#### DESCRIPTION OF THE TASK
In the listing below, find the line with "- O odszkodowanie" and copy every line from there up to and including the line with "The Hercules Terra", exactly and without pictures.
(DATA SECTION begins)
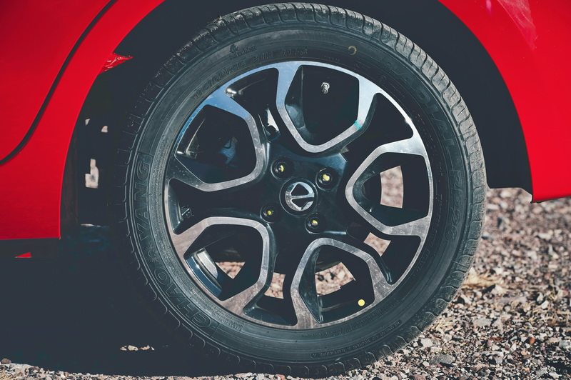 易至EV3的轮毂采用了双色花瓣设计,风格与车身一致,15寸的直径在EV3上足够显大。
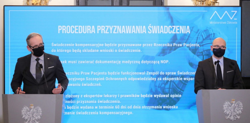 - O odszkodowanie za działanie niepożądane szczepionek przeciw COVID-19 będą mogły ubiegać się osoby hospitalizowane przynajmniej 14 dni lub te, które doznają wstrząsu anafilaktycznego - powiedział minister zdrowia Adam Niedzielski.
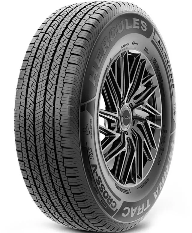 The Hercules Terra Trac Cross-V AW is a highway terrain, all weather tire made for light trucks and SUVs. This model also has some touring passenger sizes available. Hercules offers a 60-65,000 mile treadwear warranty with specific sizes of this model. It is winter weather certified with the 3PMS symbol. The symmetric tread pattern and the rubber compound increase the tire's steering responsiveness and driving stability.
(DATA SECTION ends)
(DATA SECTION begins)
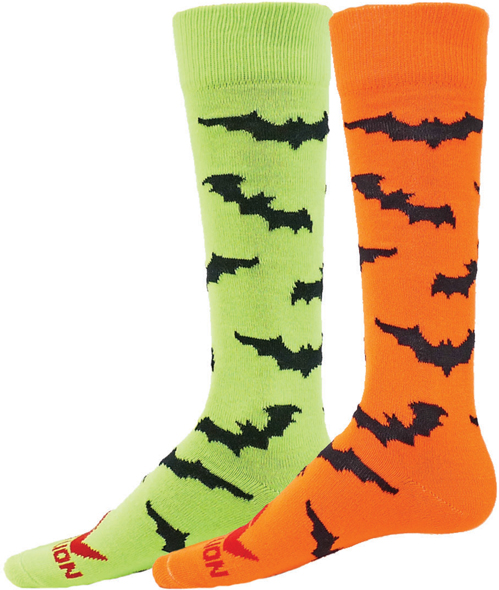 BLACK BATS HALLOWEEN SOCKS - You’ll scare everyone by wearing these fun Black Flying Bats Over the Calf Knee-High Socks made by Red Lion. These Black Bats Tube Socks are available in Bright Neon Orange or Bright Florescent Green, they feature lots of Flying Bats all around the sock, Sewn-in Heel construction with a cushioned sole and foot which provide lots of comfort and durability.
(DATA SECTION ends)
#### ANSWER TO THIS EXERCISE
 - O odszkodowanie za działanie niepożądane szczepionek przeciw COVID-19 będą mogły ubiegać się osoby hospitalizowane przynajmniej 14 dni lub te, które doznają wstrząsu anafilaktycznego - powiedział minister zdrowia Adam Niedzielski.
 The Hercules Terra Trac Cross-V AW is a highway terrain, all weather tire made for light trucks and SUVs. This model also has some touring passenger sizes available. Hercules offers a 60-65,000 mile treadwear warranty with specific sizes of this model. It is winter weather certified with the 3PMS symbol. The symmetric tread pattern and the rubber compound increase the tire's steering responsiveness and driving stability.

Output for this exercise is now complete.